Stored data
------------------------------------------------

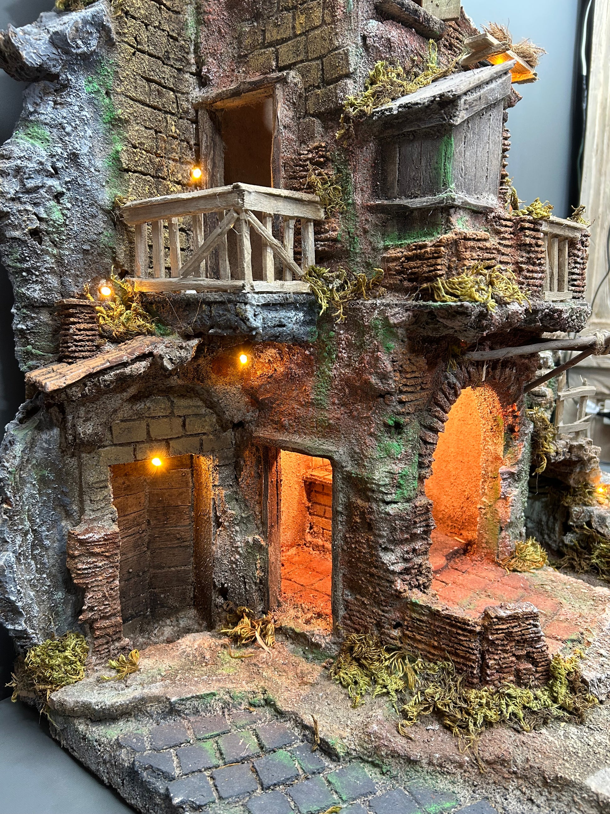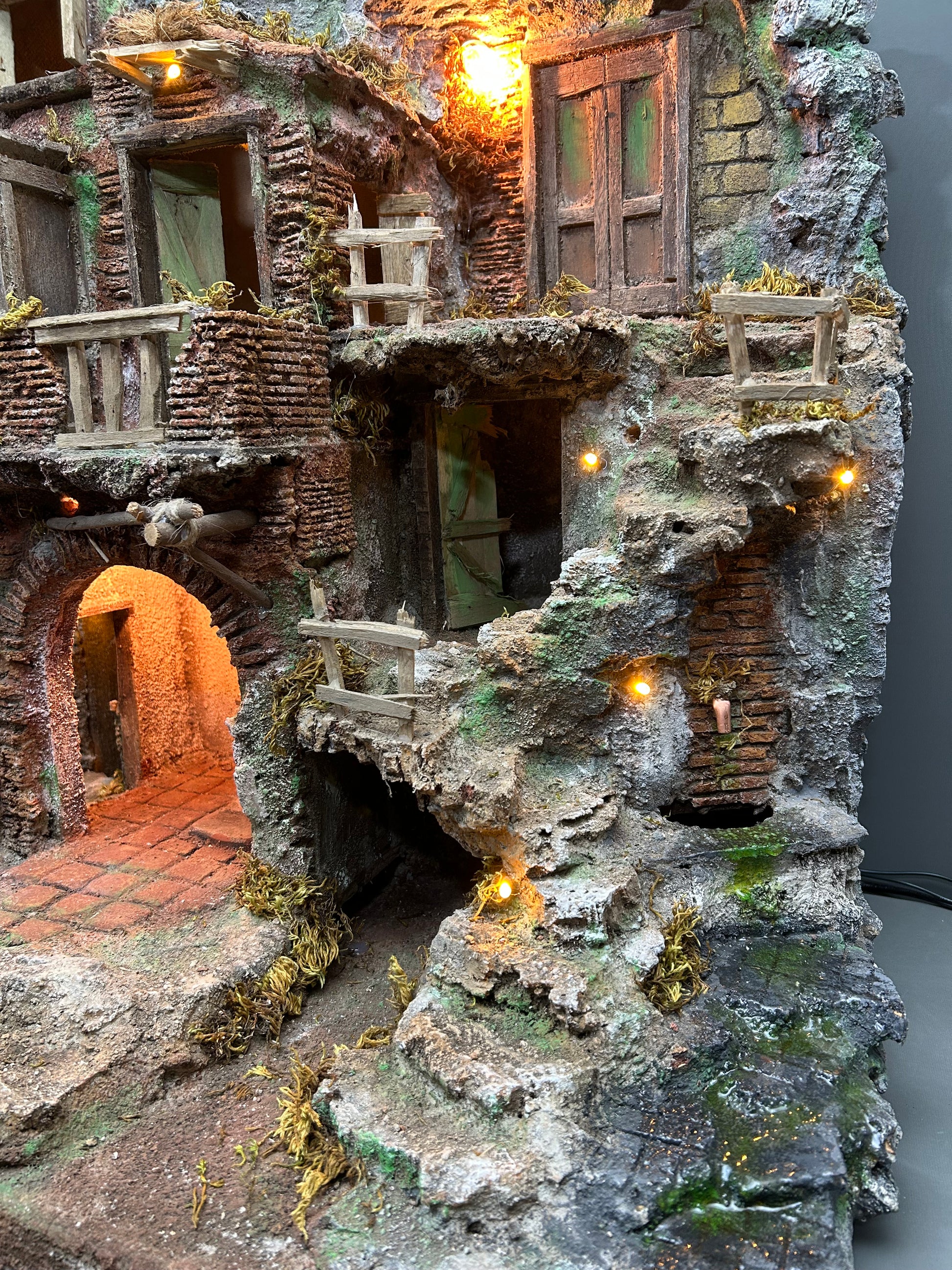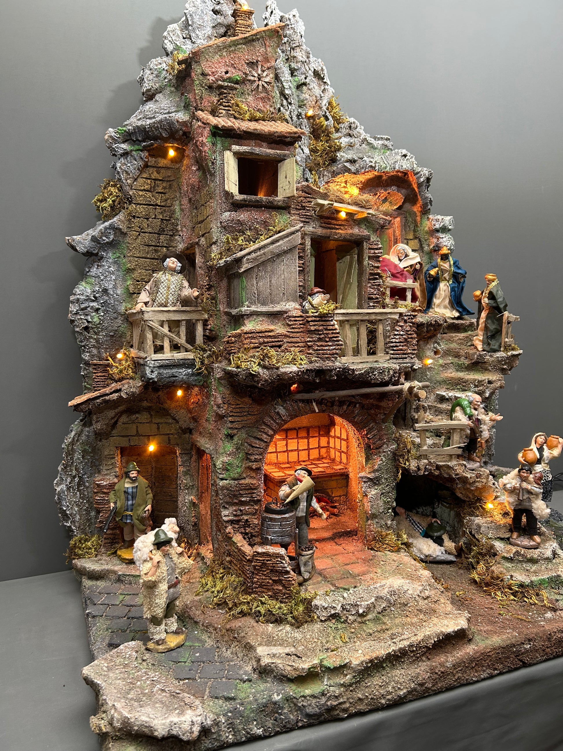Presepe realizzato completamente a mano secondo la tradizione del 700' napoletano. Completo di luci, fontana funzionante motorizzata, luce fuoco nell'osteria
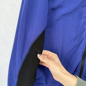Light wear with cosmetic signs of use. Multiple small snags/pulls noted on the blue fabric at sleeve and shoulder areas; light pilling and some lint on the knit cuffs and black side/back panels; minor marks near the chest pocket. Zippers tested and functioning. No major damage observed. Please review photos for close-ups of flaws.
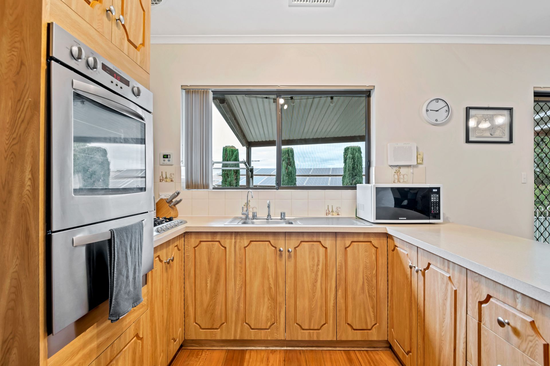 The kitchen in the home features modern lighting, ample bench, cupboard and storage space, electronic temperature controlled hot water, stainless steel modern appliances, (gas cooktop and electric oven). Through the kitchen you will find the large laundry which also has plenty of cupboard storage and access to outside washing line and pergola.
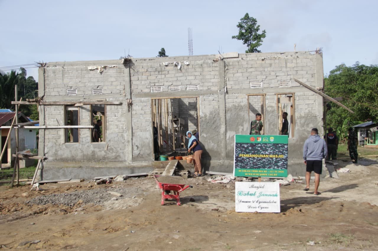 Tolitoli – Pembangunan masjid di Dusun Ogomolobu, Desa Oyom, Kecamatan Lampasio, Kabupaten Tolitoli, dipenuhi semangat gotong royong dalam kegiatan TNI Manunggal Membangun Desa (TMMD) ke-127 pada Senin (23/2/2026). Anggota Satgas TMMD dari Kodim 1305/BT terlihat bekerja sama dengan masyarakat setempat dalam proses pembangunan, mulai dari pengangkutan material hingga pengerjaan struktur bangunan dilakukan secara kolektif.
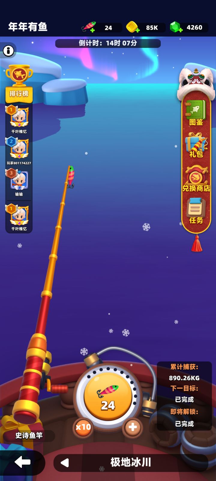 不过活动快到期了,发现的有点迟,一开始闲的没事就在那点点点,导致鱼线没断过。
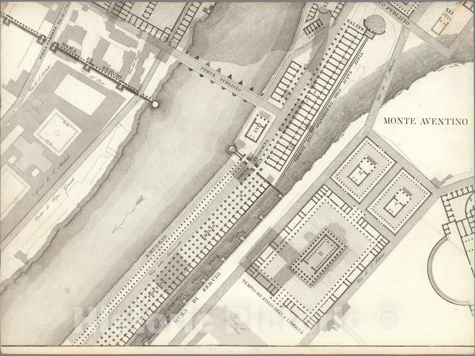Historic Map : Italy , Rome (Italy), TAV XII .B Pianta topografica della parte media di Roma antica 1847 , Vintage Wall Art
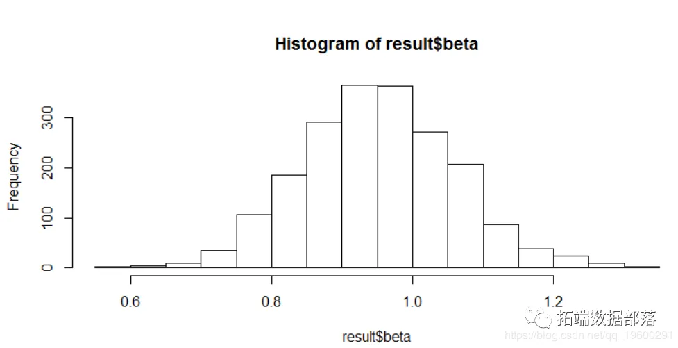 对于回归斜率β,我们的后验均值为0.95(接近用于模拟数据的真实值1)。为了形成95%的后可信区间,我们简单地采用取样后部的2.5%和97.5%的百分位数,这里是0.75到1.17。
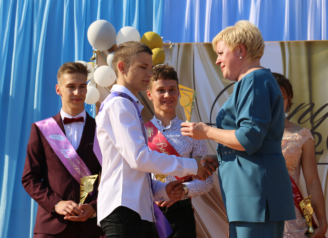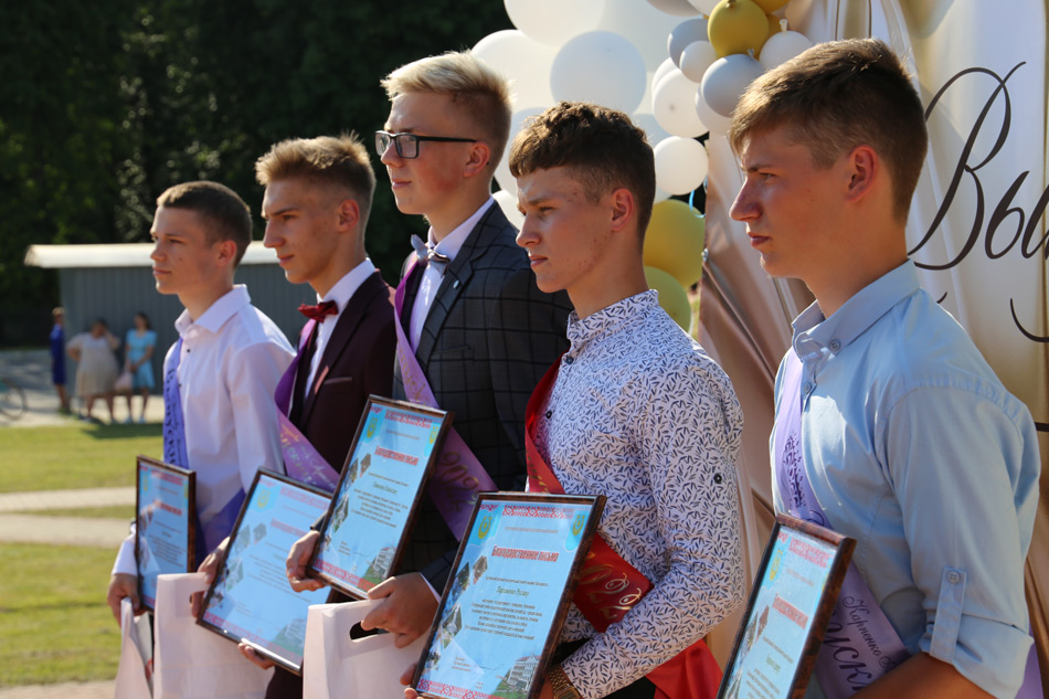 Далее – самая волнительная часть официального мероприятия – чествование «золотых» медалистов. Этот год стал для нас «весьма урожайным». Всего выпускников одиннадцатых классов 109. Высшие школьные награды – золотые медали – получают из рук главы районной вертикали власти Степана Полонникова 15 юношей и девушек. Наибольшее количество медалей у средней школы №1 г. Круглое – награждены восемь учащихся, затем средняя школа № 2 –четыре, по одному из Рубежского, Комсеничского и Филатовского УПК.
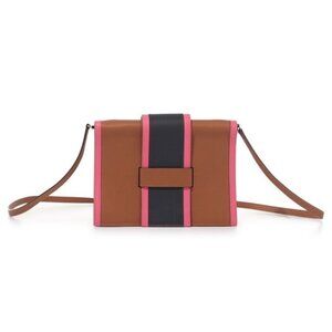 -The bag features an optional waist-length leather shoulder strap and a facing leather closure.
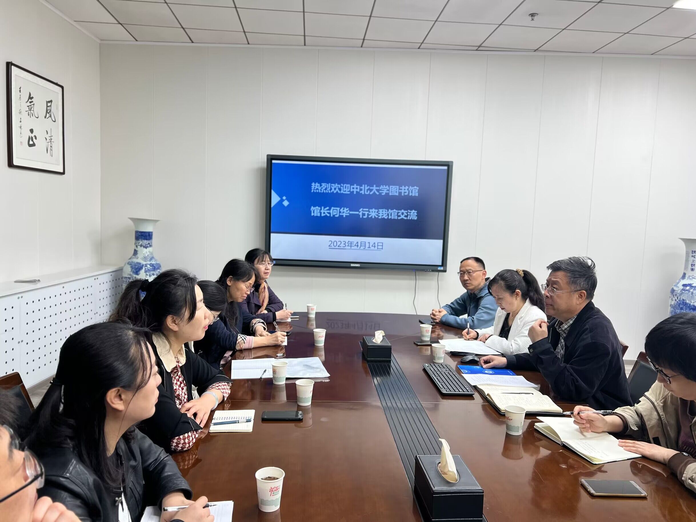 4月14日上午,中北大学图书馆馆长何华一行8人来德赢官网图书馆就智慧图书馆建设、学科服务、阅读推广工作进行调研交流,图书馆馆长王海刚、副馆长赵小羽及相关部主任参加了座谈。
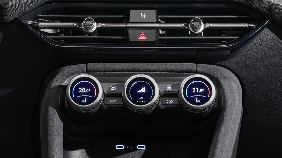 Nút xoay thông minh Skoda là sự kết hợp hoàn hảo giữa trải nghiệm điều khiển trực quan và sự linh hoạt của màn hình cảm ứng. Bạn có thể sử dụng màn hình hiển thị ở giữa nút xoay để chọn chức năng hoặc đọc thông tin, đồng thời sử dụng các nút xoay để điều chỉnh nhiệt độ, âm lượng hoặc tốc độ quạt một cách dễ dàng.
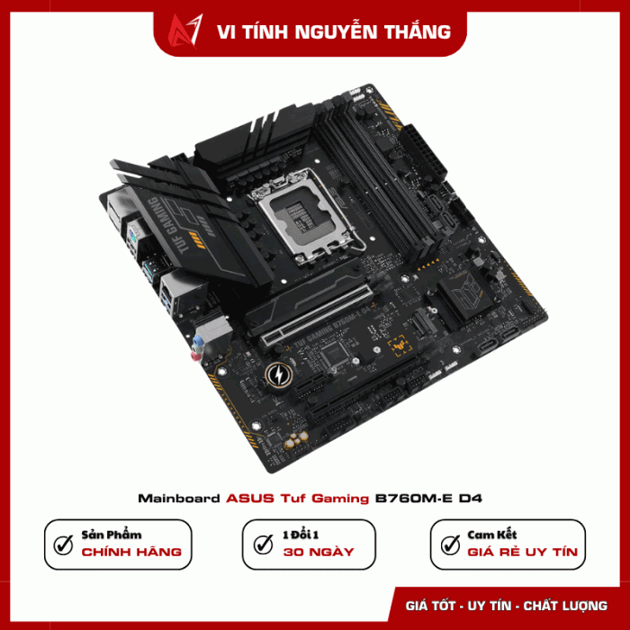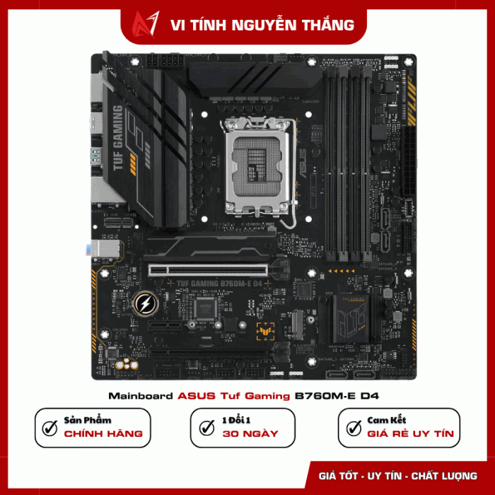 ASUS TUF Gaming B760M-E D4 là lựa chọn tối ưu cho game thủ, người làm việc văn phòng và sáng tạo nội dung cần một main bền bỉ, hiệu năng tốt và giá phải chăng. Với thiết kế chuẩn quân đội, hỗ trợ PCIe 5.0, 2 khe M.2 tốc độ cao và khả năng tương thích rộng, chiếc mainboard này mang đến một cấu hình mạnh mẽ – ổn định – tiết kiệm, phù hợp để build PC gaming hoặc workstation trong tầm giá dưới 4 triệu.
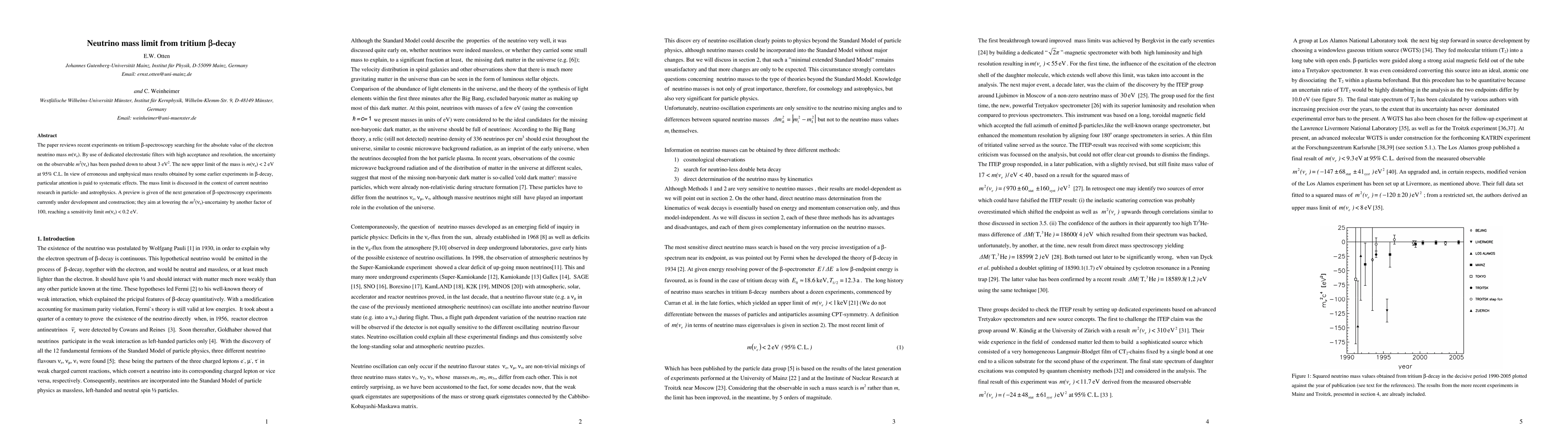 This paper reports a refined limit on the electron neutrino mass from tritium beta decay experiments, achieving a new upper limit of $m(\nu_e) < 2$ eV at 95% C.L. Future experiments aim to reduce this uncertainty by a factor of 100, targeting a sensitivity limit of $m(\nu_e) < 0.2$ eV.
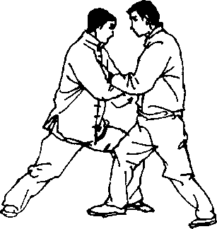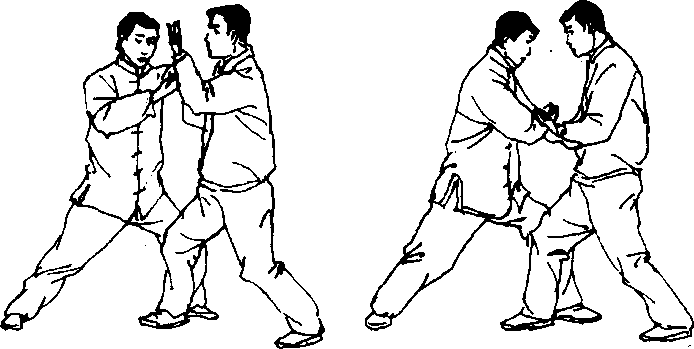 【攻防含义】 乙棚捋甲左臂,意在使甲重心升高后捋带 左臂,使甲失去平衡;甲则急应以右手扶左臂内侧,助力维持 身体平衡,待机变势。

------------------------------------------------

▶ Exercise directions: Set the pictures aside and transcribe exactly the stretch of lines above, beginning with the one holding "Historic Map : Italy" and ending with the one holding "4月14日上午,中北大学图书".

▶ Task output:
Historic Map : Italy , Rome (Italy), TAV XII .B Pianta topografica della parte media di Roma antica 1847 , Vintage Wall Art
 对于回归斜率β,我们的后验均值为0.95(接近用于模拟数据的真实值1)。为了形成95%的后可信区间,我们简单地采用取样后部的2.5%和97.5%的百分位数,这里是0.75到1.17。
 Далее – самая волнительная часть официального мероприятия – чествование «золотых» медалистов. Этот год стал для нас «весьма урожайным». Всего выпускников одиннадцатых классов 109. Высшие школьные награды – золотые медали – получают из рук главы районной вертикали власти Степана Полонникова 15 юношей и девушек. Наибольшее количество медалей у средней школы №1 г. Круглое – награждены восемь учащихся, затем средняя школа № 2 –четыре, по одному из Рубежского, Комсеничского и Филатовского УПК.
 -The bag features an optional waist-length leather shoulder strap and a facing leather closure.
 4月14日上午,中北大学图书馆馆长何华一行8人来德赢官网图书馆就智慧图书馆建设、学科服务、阅读推广工作进行调研交流,图书馆馆长王海刚、副馆长赵小羽及相关部主任参加了座谈。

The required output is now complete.